While the project was rooted in basic research, its findings have significant implications for the medical field, particularly concerning gut health.

This project yielded significant conclusions. First, we engineered mutant gut commensal Klebsiella strains that accumulate AI-2 and successfully colonised mice intestines. We also developed a reproducible and accurate GC-MS method for measuring AI-2 in biological samples, involving the first synthesis of [1-D3]-DPD as an internal standard. This method, combined with double derivatization and a simple extraction protocol, precisely measured AI-2 in the ceca of mice inoculated with engineered Klebsiella ARO112 strains, showing excellent specificity and linearity for microbiota research.
Second, we synthesized AI-2 prodrugs designed for safe intestinal delivery, with AI-2 attached to D-glucose or D-galactose via glycosidic bonds. This specific approach is called colon specific drug delivery system. AI-2, thus bound to a sugar molecule, passes intact through the upper gastrointestinal tract and, after being transported to the intestine, is subsequently released by bacterial glycosyl hydrolases.
Hydrolysability of AI-2 prodrugs was tested in vitro using commercial glycosidases and AI-2 release was demonstrated using the Vibrio harveyi bioluminescence assay. Testing with real mouse intestinal content samples confirmed the presence of necessary enzymes, indicating that the intestinal microflora can break down these AI-2 prodrugs.

Additionally, a review article on AI-2 analogs was published, summarizing the synthesis and biological activities of known AI-2 derivatives. This theoretical work provided insights into structure-activity relationships, leading to the synthesis of a new class of AI-2 analogs, which were tested in the Vibrio harveyi bioluminescence assay during this project.

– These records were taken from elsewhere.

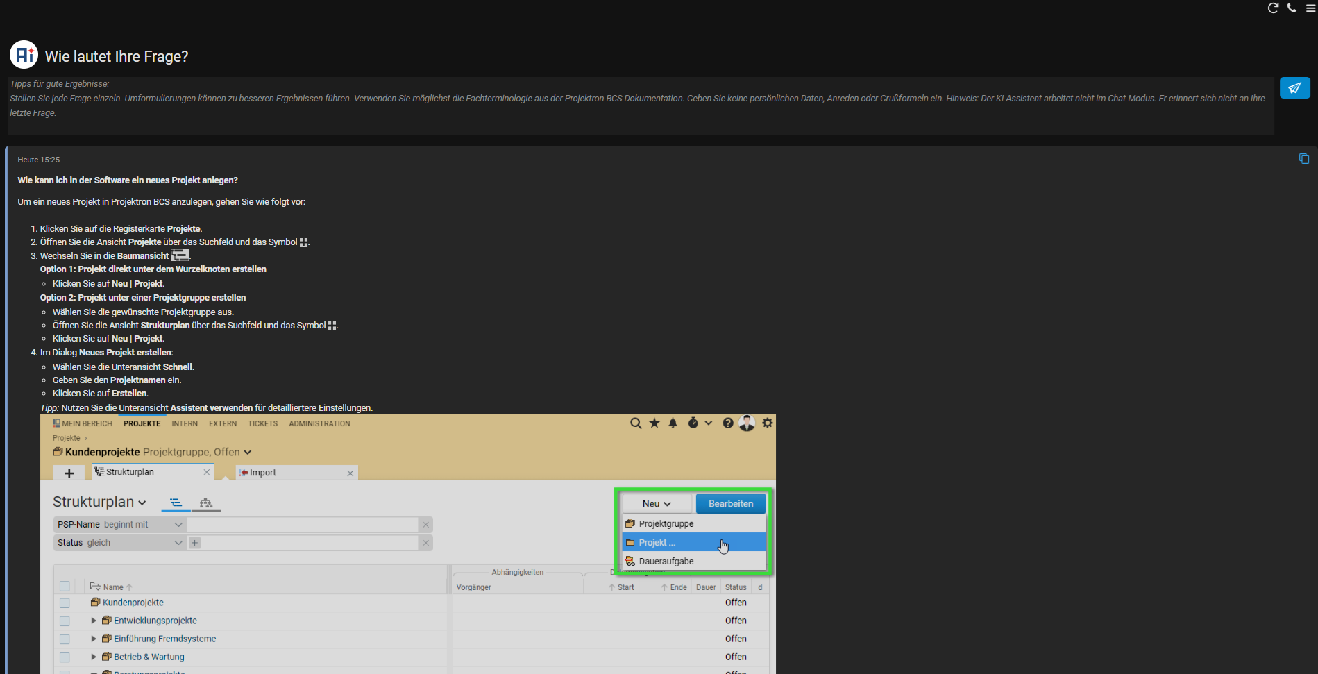 Ein Beispiel: Eine Frage wie „Wie lege ich ein neues Projekt im System an?“ würde ein Standardmodell mit einer allgemeinen Anleitung beantworten. Ein RAG-System hingegen durchsucht die tatsächliche Dokumentation und liefert eine konkrete Schritt-für-Schritt-Erklärung aus dem echten Anwendungskontext plus Screenshot.
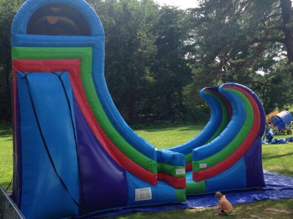 A new spin on water slide design, the Rampage⢠lets you slide up and down for an all around great time! It's halfpipe design is unlike any other waterslide! Perfect for backyard parties, company picnics and corporate events! This slide also features the "No Jump" safety feature at the top of the slide. See additional images below for a detailed look.
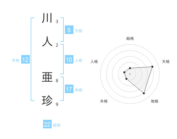 川人 亜珍さんの総格は22画の1点!
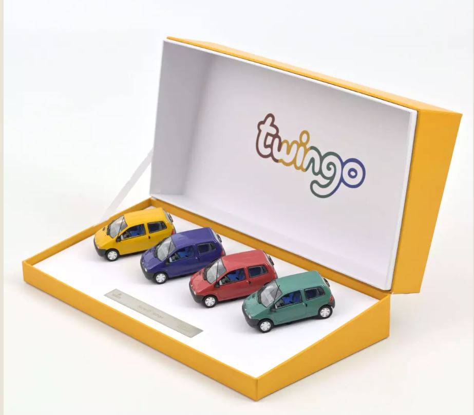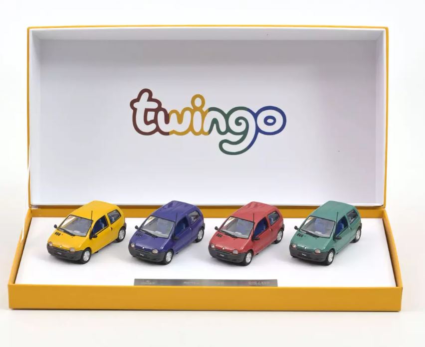 Oggi 5 maggio a partire dalle ore 12 sarà posto in vendita sul sito Norev un bel coffret comprendente quattro Renault Twingo 1:43 prima serie in giallo, rosso, violetto e verde chiaro, i colori tipici dell’epoca. Il cofanetto celebra i trent’anni della commercializzazione della Twingo, presentata al Salone di Parigi nel 1992 e messa in vendita nel 1993. Il set è in serie limitata a 200 esemplari numerati. Link per l’acquisto: https://www.norev.com/fr/16823-renault-twingo-1993-coffret-cadeau-4-modeles-1-43-exclu-web-200-pcs.html
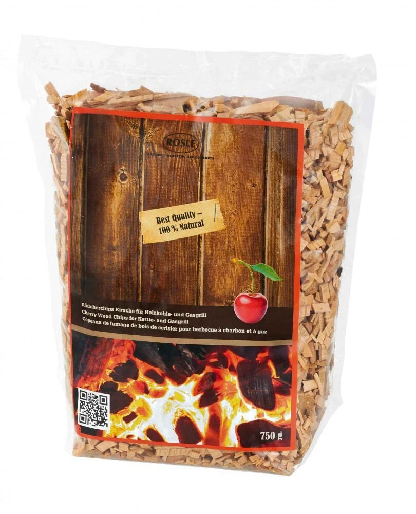 Rösle Räucherchips Kirsche 750 g. Die Räucherspäne für ein mild-süßlich-fruchtiges Raucharoma des Grillguts.
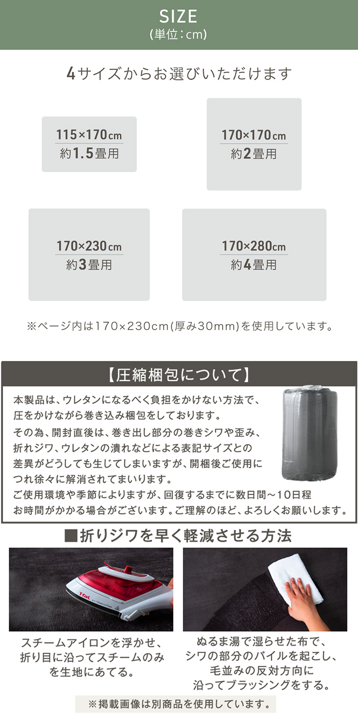 ※開梱直後はラグに折り目がついている場合がございます。 1週間程度で自然になくなります。

Quorum sensing (QS) therapies are gaining attention, particularly as alternatives to traditional antibiotics for controlling bacterial infections. While anti-QS therapies are being explored, we propose QS therapies that leverage AI-2's ability to regulate colonisation and species interactions in multi-species communities. Our aim is to develop strategies that maintain healthy gut microbiota and protect against pathogenic bacteria.
New AI-2 prodrugs and stable AI-2 analogues have potential pharmacological applications. These innovations have significant potential for societal impact and further research, as manipulating native signals and interactions using AI-2 prodrugs could prevent infections, obesity, diabetes, inflammatory bowel diseases, and gastrointestinal cancers. Moreover, these molecules could offer therapeutic solutions without promoting resistance, a major issue with traditional antibiotics.
The synthesis of AI-2 analogues, a key part of this project, showed promising activity and stability, potentially leading to patentable discoveries. In collaboration with the ITQB Technology Transfer Office, we will ensure proper intellectual property protection and knowledge transfer.
The new [1-D3]-DPD synthesis provides the scientific community with an important analytical standard for studying microbiome-related processes in vivo. Accurate AI-2 quantification enables researchers to investigate its concentration changes in the gut and its role in microbiota dynamics. This method is applicable to other complex biological samples, offering valuable data for QS studies across various scientific disciplines.